Thursday, October 11, 2018

Philly DA charges two officers for illegal stop-and-frisk

Philadelphia’s District Attorney’s Office last week quietly pressed charges against two PPD officers in a stop-and-frisk case criminal justice experts say may be first of its kind in the nation, according to Billypenn.com.
DA Larry Krasner has made steady progress on his campaign promise to hold police accountable for alleged criminal misconduct. In his first nine months in office, his office has filed charges against eight city officers for six alleged on-duty incidents.
Most of the alleged incidents were violent in nature: There was the case against two ex-SEPTA Transit officers over the 2017 beating of an intoxicated man on an El platform in Frankford, which a judge dismissed during a preliminary hearing last month for lack of evidence. Then there’s the ongoing case against a former Kensington officer who was captured on cell phone video body-slamming a handcuffed man. And highest-profile among the eight charged officers, Krasner is pursuing a murder case against former PPD officer Ryan Pownall over the 2017 shooting of David Jones.
While those cases have dominated headlines, the stop-and-frisk charges could have lasting effects on the city’s law enforcement agencies, regardless of the case’s outcome.
Two officers stand accused of making a pedestrian stop-and-frisk, detaining a citizen without cause, and then lying about it on official paperwork.

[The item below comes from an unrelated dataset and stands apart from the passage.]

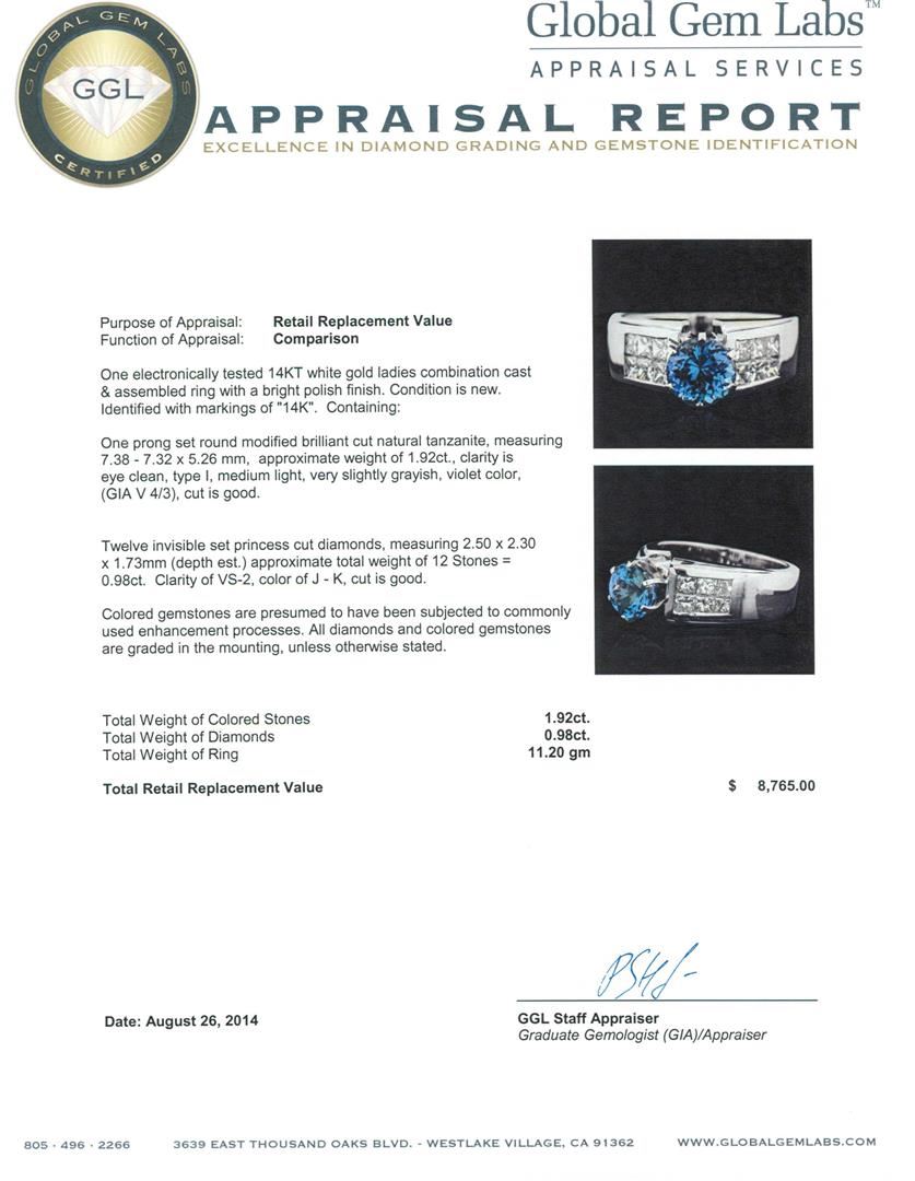 One electronically tested 14KT white gold ladies combination cast & assembled ring with a bright polish finish. Identified with markings of "14K". Condition is new. Containing: One prong set round modified brilliant cut natural tanzanite, measuring 7.38 - 7.32 x 5.26 mm, approximate weight of 1.92ct., clarity is eye clean, type I, medium light, very slightly grayish, violet color, (GIA V 4/3), cut is good. Twelve invisible set princess cut diamonds, measuring 2.50 x 2.30 x 1.73mm (depth est.) approximate total weight of 12 Stones = 0.98ct. Clarity: VS-2. Color: J - K, Cut is Good. Colored gemstones are presumed to have been subjected to commonly used enhancement processes. All diamonds and colored gemstones are graded in the mounting, unless otherwise stated. Total Weight of Colored Stones 1.92ct. Total Weight of Diamonds 0.98ct. Total Weight of Ring 11.20 grams. GGL Appraised.

While the police department itself has been sued over its rampant stop-and-frisk practices before, Philly officers have rarely, if ever, been taken to court over the department’s long-sanctioned policy, which critics say amounts to “stop first, justify later.”

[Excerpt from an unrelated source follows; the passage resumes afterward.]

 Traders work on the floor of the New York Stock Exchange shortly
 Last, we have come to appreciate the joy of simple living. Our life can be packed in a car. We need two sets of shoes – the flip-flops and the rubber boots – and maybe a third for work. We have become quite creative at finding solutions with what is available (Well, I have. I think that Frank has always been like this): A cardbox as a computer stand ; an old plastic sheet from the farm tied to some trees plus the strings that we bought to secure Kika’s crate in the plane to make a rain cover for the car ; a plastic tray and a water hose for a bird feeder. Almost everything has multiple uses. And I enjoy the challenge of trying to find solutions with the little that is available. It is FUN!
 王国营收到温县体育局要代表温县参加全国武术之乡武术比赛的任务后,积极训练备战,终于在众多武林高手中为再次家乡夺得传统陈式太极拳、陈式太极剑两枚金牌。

“I don’t know if I’ve ever seen it before,” said David Rudovsky, one of the civil rights attorneys who has sued the department over the practice, about last week’s charges.
Such a case is unprecedented even on the national level, said Thomas Nolan, a Boston-based criminologist and a former senior policy analyst at the Department of Homeland Security.
“This will no doubt prove to be extremely unsettling to the police rank and file,” Nolan said after being briefed on the charges. “Overt acts of criminality — such as robbing a drug dealer or shooting an unarmed fleeing suspect — were always at least potentially prosecutable. But it was almost an article of faith that the police would often engage in stops and create the justification for them after the fact.”
Some experts dismiss the case as a lost cause. Some worry about it exacerbating the highly disputed “Ferguson effect” among city officers. Others call the charges necessary to ensure oversight in a police department entrenched in its own toxic culture. All agree: This is a strange, new ballgame for criminal justice.
14th District Officers Matthew Walsh and Marvin Jones stand accused of illegally detaining a man in East Mount Airy last April.
Investigating a civilian complaint filed by the detainee, the department’s Internal Affairs Bureau found video evidence that contradicted the officers’ legal justification for the stop. In official paperwork, the officers alleged that their suspect was “apparently using narcotics.”
Investigators determined that Walsh and Jones fabricated their cause for the frisk, which was that the man wouldn’t remove his hands from his pockets. “The citizen was fully compliant at the time of the stop,” police officials wrote in a press release announcing both officers’ arrest and impending dismissal.
Investigators said the officers detained the man for about 15 minutes, drove him around the block and released him. The detainee later filed a civilian complaint against the officers, triggering the Internal Affairs investigation that would result in their arrest.